On February 16, 2016, Article 29 Working Party (WP29) issued an update on Opinion 8/2010 on applicable law. The update provides explanations concerning the applicable law in light of the Court of Justice of the European Union (CJEU) judgement’s in Google Spain (or Costeja case, C-131/12).
The ruling of May 13, 2015 held that EU data subjects have a right to obtain the delisting of links appearing in the search results based on their name. A right set forth by Directive 95/46/EC (the Directive) and that became to be known as “right to be forgotten”.
The judgment was groundbreaking under another perspective: it gave a broad interpretation of Article 4(1)(a) and allowed the application of EU data protection law in a case in which the controller was not established in the EU but it had here its advertising company and there was an “inextricable link’ between the processing activities and this advertising company.

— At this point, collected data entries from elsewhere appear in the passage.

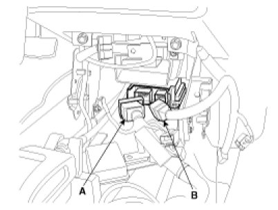 5. Disconnect the SRSCM harness connector(A) and (B) from the SRSCM.
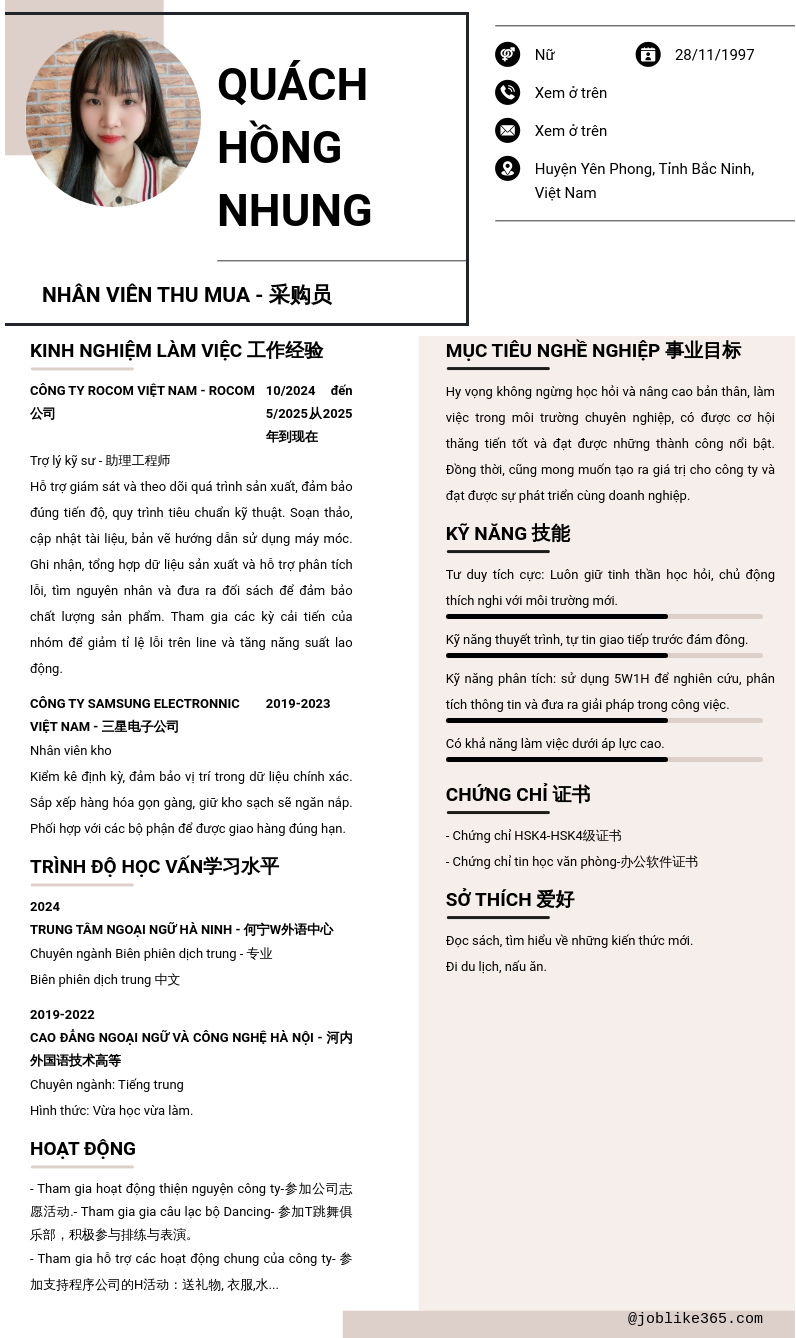Nhân viên thu mua - 采购员
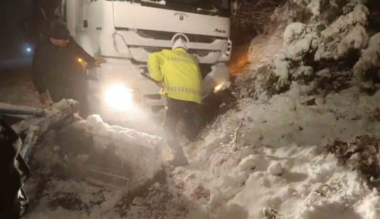 Tokat-Niksar D850 karayolu Musapınarı mevkiinde gerçekleşen makaslama sonucu yol trafiğe kapandı. İhbarın ardından, Erbaa Bölge Trafik İstasyon Amirliğine bağlı ekipler, olay yerine kısa sürede sevk edildi. Yoğun kar yağışı ve buzlanmanın etkili olduğu bölgede yapılan çalışmalar zaman zaman zorlukla yürütüldü. Polis ekipleri, Karayolları ekipleri ve çevredeki vatandaşların desteğiyle küreklerle kürüme çalışması yaparak yolu açmak için yoğun çaba sarf etti. Yaklaşık 1 saat süren çalışmaların ardından makaslayan tır bulunduğu yerden kurtarıldı. Yolun yeniden trafiğe açılmasıyla birlikte bölgede ulaşım normale dönerken, ekipler sürücülere dikkatli olmaları ve zincirsiz yola çıkmamaları uyarısında bulundu.
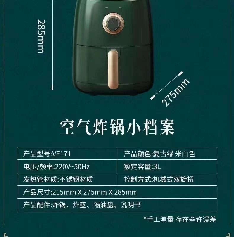 Jiuyang 공기 프라이어 VF171 가정용 다기능 전기 프라이어 3 리터 용량 베이킹 감자 칩 기계 선물 도매스토어 가기
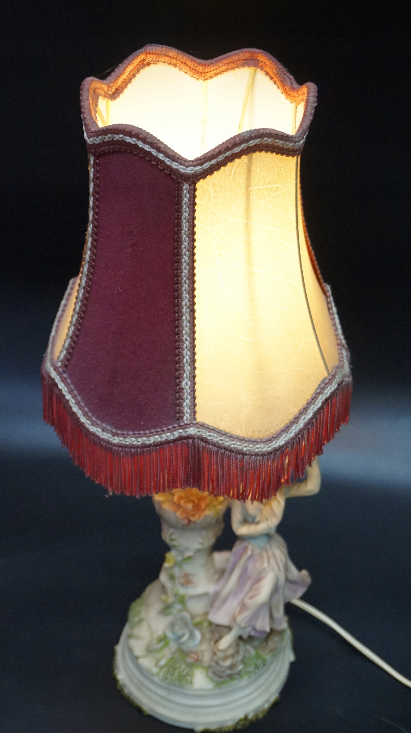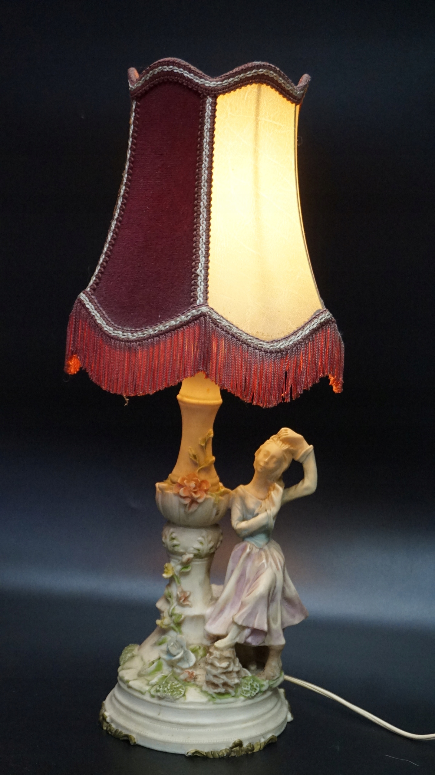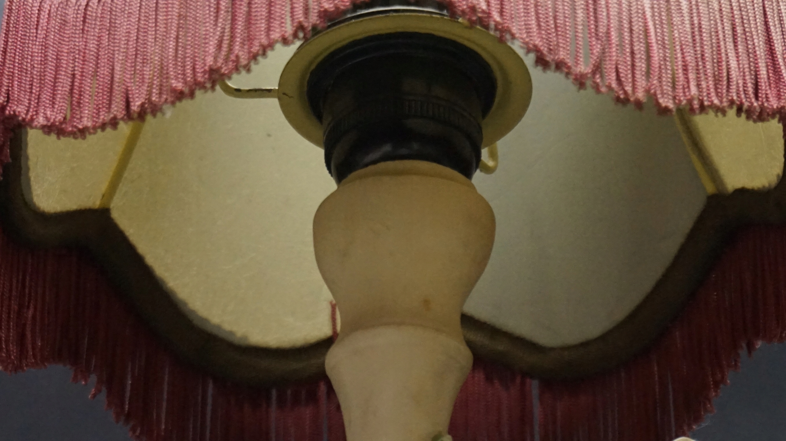 На високій декоративній колоні, тримачі лампочки та абажурі бордового та бежевого кольорів з бахромою
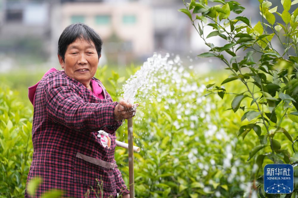 3月17日,在重慶市北碚區(qū)澄江鎮(zhèn)一柑橘種苗基地,工人在給柑橘種苗澆水。新華社發(fā)(秦廷富攝)
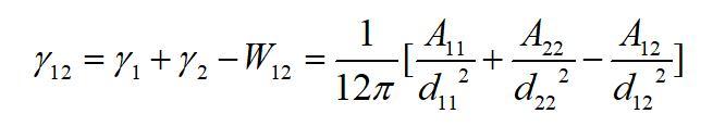 为物质1的Hamaker常数。该作用势能就相当于本体的内聚功。从表面自由能的定义不难看出,当将本体沿本体内的一个界面分开时,单位面积需要克服内聚力所做的功就等于这个作用势能。由于分开后形成两个新表面,因此每个表面上的势能等于该势能的一半。因此物体的表面自由能(表面张力)也等于该作用势能的一半,即
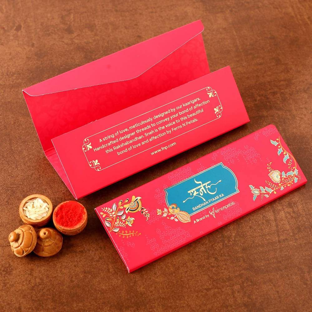 • This Rakhi comes with a Beautiful Traditional Sneh Triple Fold Rakhi Packaging
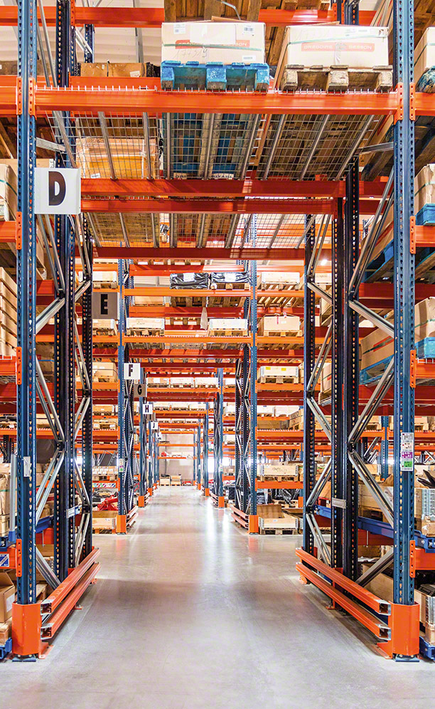 The warehouse is composed of two aisles with double-deep racking on both sides that measure 47 m long, 9 m high and have 17 shelves.
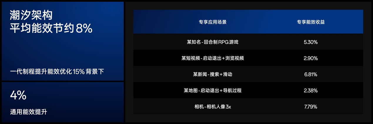 通過與芯片廠商的深度聯(lián)合研發(fā),OPPO將潮汐架構(gòu)深入到傳統(tǒng)手機廠商無法精細化使用的片上緩存系統(tǒng),與芯片廠商共同設(shè)計了緩存分區(qū),CPU/GPU的動態(tài)配比,以及干凈數(shù)據(jù)的快速通道方案。通過潮汐架構(gòu),OPPO首次實現(xiàn)系統(tǒng)級緩存的動態(tài)匹配,實時地根據(jù)計算型任務(wù)與渲染性任務(wù)為CPU和GPU動態(tài)分配系統(tǒng)級緩存資源。通過這一獨有的技術(shù),潮汐架構(gòu)可以實現(xiàn)8%的平均能效收益。
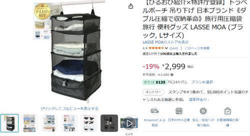 LASSE MOAの吊り下げトラベルポーチがAmazonで割引対象。参考価格3,680円のところ、19%オフの2,999円で販売中。

With the updated document, WP29 clarifies the criteria that may trigger the applicability of the EU/national law also when
the data processing is carried out by non-EU entities. In particular, WP29 discusses the following two issues of concern for all those controllers that transfer data between Europe and non-EU countries.
Territorial reach of Directive 95/46/EC. The Google Spain judgement held that the Directive will apply where processing is carried out “in the context of the activities of an establishment” of the controller on the territory of a Member State. The WP29 explains:
Article 4(1)(a) does not necessarily require the processing of personal data in question to be carried out ‘by’ the relevant establishment itself, rather that it is sufficient if the processing is carried out ‘in the context of the activities’ of the establishment.

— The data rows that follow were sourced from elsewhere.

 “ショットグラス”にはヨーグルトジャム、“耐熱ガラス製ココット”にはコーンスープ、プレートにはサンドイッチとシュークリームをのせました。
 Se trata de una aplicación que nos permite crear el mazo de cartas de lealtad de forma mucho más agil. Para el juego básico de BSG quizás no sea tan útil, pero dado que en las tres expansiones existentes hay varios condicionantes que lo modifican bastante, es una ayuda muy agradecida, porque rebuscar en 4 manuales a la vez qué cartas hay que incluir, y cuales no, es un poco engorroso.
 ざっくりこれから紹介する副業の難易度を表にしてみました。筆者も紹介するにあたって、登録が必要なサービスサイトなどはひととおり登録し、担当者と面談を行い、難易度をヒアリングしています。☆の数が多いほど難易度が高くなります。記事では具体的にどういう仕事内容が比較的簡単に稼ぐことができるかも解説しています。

the activities of that local subsidiary may still bring the data processing within the scope of EU data protection law, as long as there is an ‘inextricable link’ between the activities of the local establishment and the data processing.
The activities of the Member State establishment have to be “the means of rendering the search engine economically profitable”. In practice, “without the advertising activities, which are facilitated by Google Spain SL, and similar Google subsidiaries across the globe, it would not be economically feasible for Google to offer its search engine services”. Thus, the Court concluded that
the processing of personal data in question is carried out in the context of the commercial and advertising activity of the controller’s establishment on the territory of a Member State, in this instance Spanish territory.
WP29 also highlights that the Directive applies when the EU branch or subsidiary “orientates its activity towards the inhabitants of that Member State. In Google’s case this means presenting Spain orientated advertising alongside the search results.”
WP29 goes ahead by highlighting that there could be an ‘inextricable link’ between the activities of the EU establishment and the data processing of the non-EU controller, “even if the local establishment is not involved in any direct way in the processing of data”. According to the CJEU – for example – when the local establishment raises revenues there could be an ‘inextricable link’ triggering the Directive’s application.
However, WP29 reminds that “each scenario must be assessed on its own merits, taking into account the specific facts of the case”.
Compliance with the ‘EU headquarters’ data protection law and/or with the national law of EU Member States of the ‘relevant’ establishment. WP29 tried clarifying whether, and to what extent, companies having a designated ‘EU headquarters’ (acting as a ‘controller’) need to comply also with the national law of other EU Member States in which the foreign company may have other ‘relevant’ establishments. In other terms, WP29 wonders whether Google Spain leads “to the application of several national data protection laws if the activities of several establishments of the same controller in the various Member States were ‘inextricably linked’ to the data processing?”
Which EU law? The Directive does not create a ‘one-stop-shop’ whereby it would only be the law of the Member State of the ‘EU headquarters’ that would apply to all processing of personal data throughout the EU. As a consequence, at the present stage, it “is not at all uncommon that a company headquartered in one EU Member State and having operations in multiple EU Member States would need to comply with the laws of each of these Member States”. This is also suggested in Weltimmo, another fundamental opinion recently rendered by the CJEU and concerning the applicability to foreign companies of EU data protection laws. More information on Weltimmo is available at http://www.technethics.com…
Conclusion. WP29 concludes with a very interesting takeaway:
The judgement provides useful clarification on two aspects: first, the judgement makes it clear that the scope of current EU law extends to processing carried out by non-EU entities with a ‘relevant’ establishment whose activities in the EU are ‘inextricably linked’ to the processing of data, even where the applicability of EU law would not have been triggered based on more traditional criteria. Second, the judgement also confirms that – where there is an ‘inextricable link’ – according to Article 4(1)(a) of Directive 95/46/EC, there may be several national laws applicable to the activities of a controller having multiple establishments in various Member States.